Aktywniejsza od pierwszych minut była Jagiellonia, a w 2 minucie Dieguez próbował przelobować bramkarza gości. Po kwadransie do głosu dochodził Widzew, następnie znów próbowała Jaga, ale bez efektu.
Bez większych emocji było do 37 minuty, kiedy to Ernest Terpiłowski potężnym strzałem za pola karnego trafił do bramki Jagiellonii tuż przy słupku.
3 minuty później Jesus Imaz mógł wyrównać, ale strzelił nad bramką Widzewa
Dominacja w drugiej połowie
Jagiellonia zaczęła podkręcać tempo, ale mimo kilku dobrych akcji nie mogła oddać celnego strzału. Po kwadransie gry tuż przy słupku strzelił Imaz, a za chwilę gola zdobył Pululu. Sędzia jednak odgwizdał spalonego.

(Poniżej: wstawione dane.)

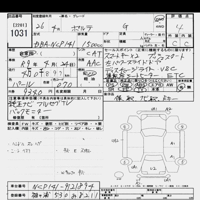 TOYOTA PORTE 2014 г., лот № 1031

W 78 min. Jagiellonia wywalczyła rzut karny. Po strzele Naranjo zawodnik Widzewa zagrał piłkę ręką. Jedenastkę na gola pewnym strzałem zamienił Afimico Pululu. Jaga dominowała i szukała kolejnych goli.
W 87 min kibicie w Białymstoku zobaczyli bramkę z cyklu "stadiony świata". Fenomenalnym uderzeniem z rzutu wolnego popisał się Bartłomiej Wdowik. Futbolówka poszybowała w okienko, a bramkarz gości nie miał nic do powiedzenia.
Jagiellonia odniosła drugie zwycięstwo z rzędu i zameldowała się w czołówce tabeli. Obecnie białostoczanie zajmują 4 lokatę.
Mecz przy Słonecznej obejrzało ponad 11,5 tysiąca kibiców.